▶ [YOUR INSTRUCTIONS]
Print the records below exactly, from the line containing "サーバーIDとチャンネルIDを注釈に従って入力してください。" down to the line containing "Intraday action on", both lines included, and omit every picture.

▶ [DATASET]
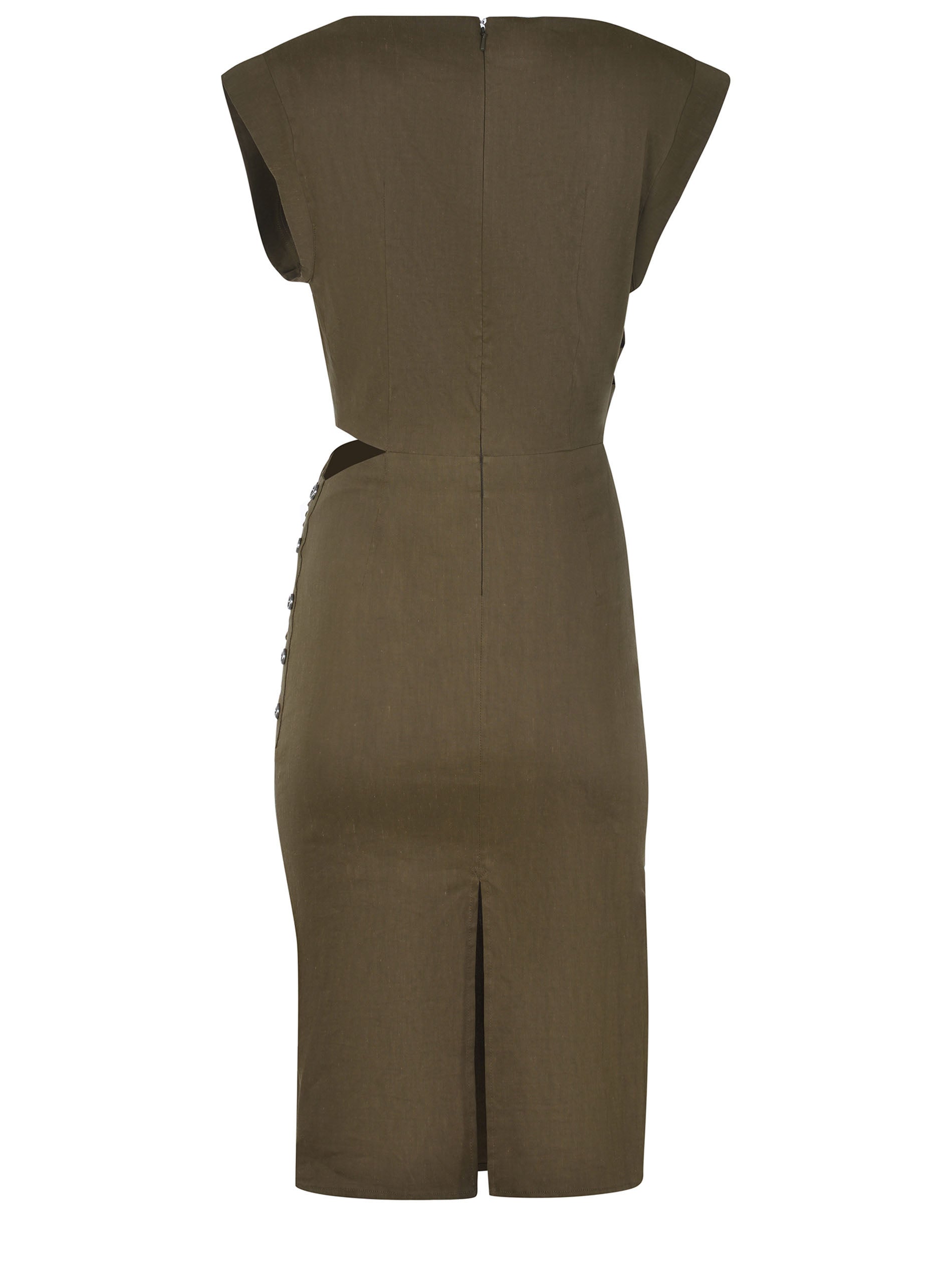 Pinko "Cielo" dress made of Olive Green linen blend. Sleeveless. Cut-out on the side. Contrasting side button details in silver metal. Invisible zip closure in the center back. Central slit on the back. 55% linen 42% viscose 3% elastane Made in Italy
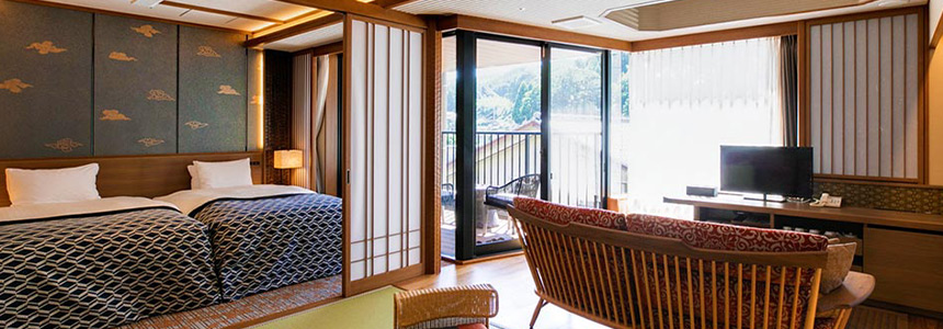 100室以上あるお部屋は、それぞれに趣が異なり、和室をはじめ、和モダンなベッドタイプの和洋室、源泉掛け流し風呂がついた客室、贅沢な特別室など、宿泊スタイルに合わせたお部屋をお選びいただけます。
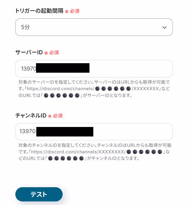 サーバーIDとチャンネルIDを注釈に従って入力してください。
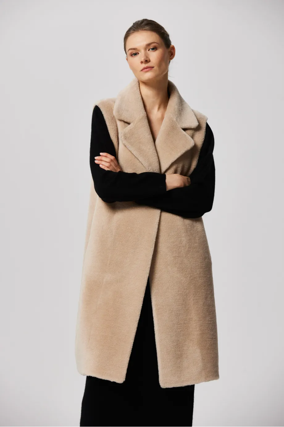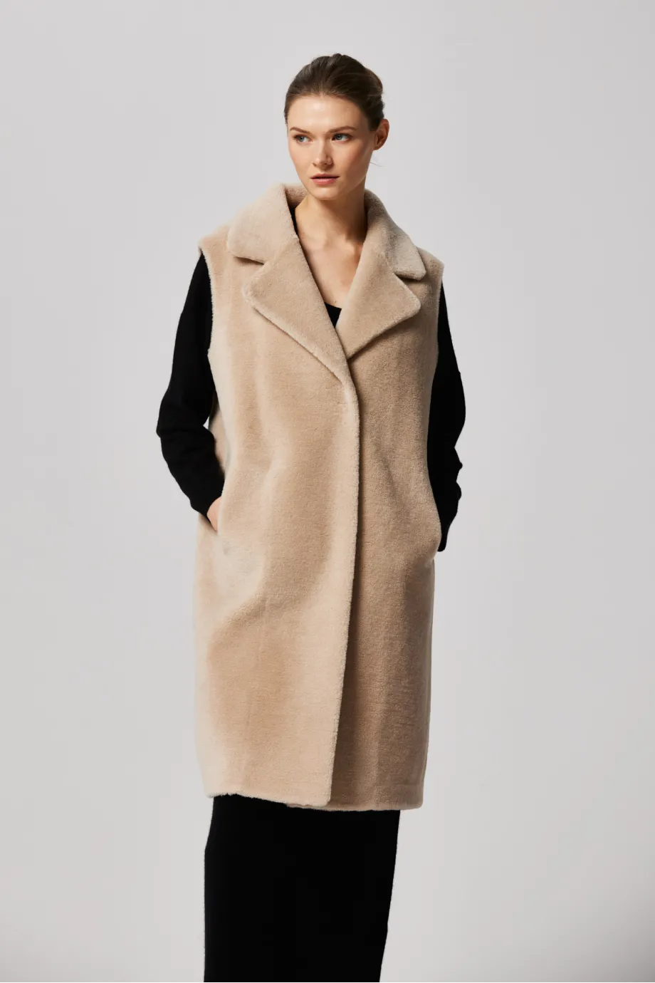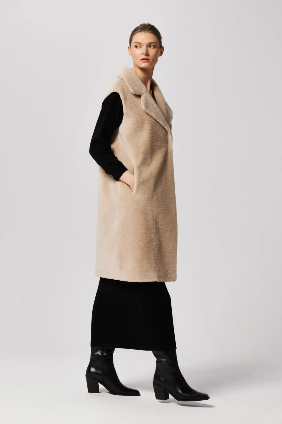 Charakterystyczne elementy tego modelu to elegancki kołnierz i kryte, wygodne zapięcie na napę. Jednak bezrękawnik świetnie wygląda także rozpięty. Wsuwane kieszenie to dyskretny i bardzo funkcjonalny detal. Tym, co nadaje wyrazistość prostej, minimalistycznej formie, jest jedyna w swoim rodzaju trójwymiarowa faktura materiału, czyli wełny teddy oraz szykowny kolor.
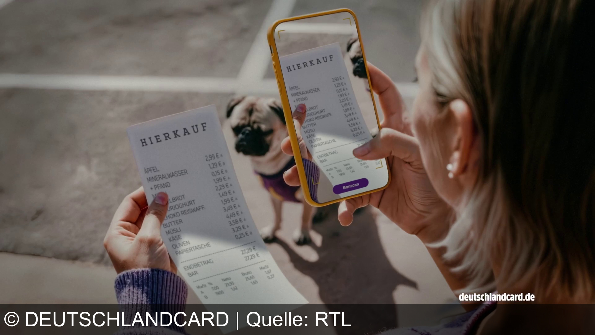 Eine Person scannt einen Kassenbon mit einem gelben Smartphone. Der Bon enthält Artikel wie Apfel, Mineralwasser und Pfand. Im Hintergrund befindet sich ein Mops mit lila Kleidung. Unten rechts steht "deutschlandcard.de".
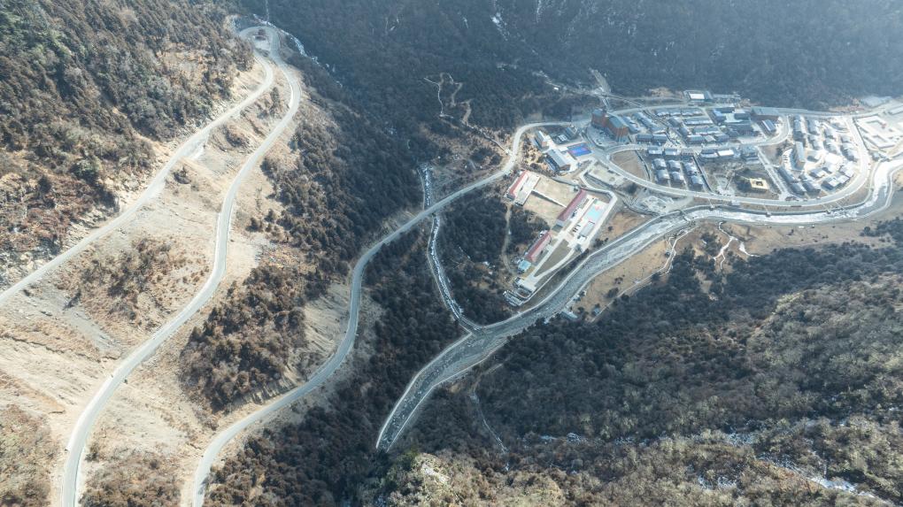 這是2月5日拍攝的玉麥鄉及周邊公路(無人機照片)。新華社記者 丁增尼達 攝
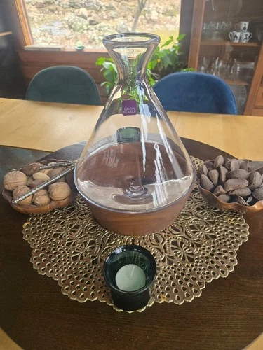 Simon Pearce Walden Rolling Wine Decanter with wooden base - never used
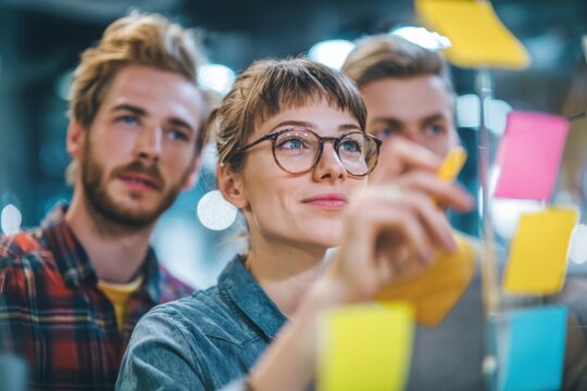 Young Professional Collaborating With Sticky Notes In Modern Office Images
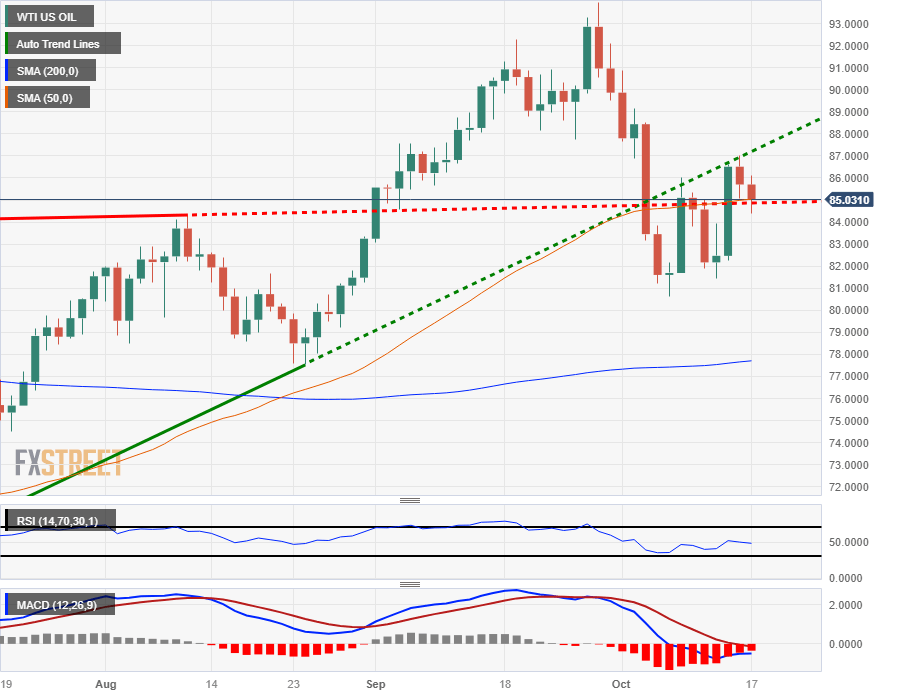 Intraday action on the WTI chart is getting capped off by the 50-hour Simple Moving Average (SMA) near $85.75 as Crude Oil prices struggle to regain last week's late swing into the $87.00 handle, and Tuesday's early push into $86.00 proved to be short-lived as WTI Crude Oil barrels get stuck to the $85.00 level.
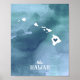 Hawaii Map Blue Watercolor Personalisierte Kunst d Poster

▶ [EXERCISE SOLUTION]
 サーバーIDとチャンネルIDを注釈に従って入力してください。
 Charakterystyczne elementy tego modelu to elegancki kołnierz i kryte, wygodne zapięcie na napę. Jednak bezrękawnik świetnie wygląda także rozpięty. Wsuwane kieszenie to dyskretny i bardzo funkcjonalny detal. Tym, co nadaje wyrazistość prostej, minimalistycznej formie, jest jedyna w swoim rodzaju trójwymiarowa faktura materiału, czyli wełny teddy oraz szykowny kolor.
 Eine Person scannt einen Kassenbon mit einem gelben Smartphone. Der Bon enthält Artikel wie Apfel, Mineralwasser und Pfand. Im Hintergrund befindet sich ein Mops mit lila Kleidung. Unten rechts steht "deutschlandcard.de".
 這是2月5日拍攝的玉麥鄉及周邊公路(無人機照片)。新華社記者 丁增尼達 攝
 Simon Pearce Walden Rolling Wine Decanter with wooden base - never used
 Young Professional Collaborating With Sticky Notes In Modern Office Images
 Intraday action on the WTI chart is getting capped off by the 50-hour Simple Moving Average (SMA) near $85.75 as Crude Oil prices struggle to regain last week's late swing into the $87.00 handle, and Tuesday's early push into $86.00 proved to be short-lived as WTI Crude Oil barrels get stuck to the $85.00 level.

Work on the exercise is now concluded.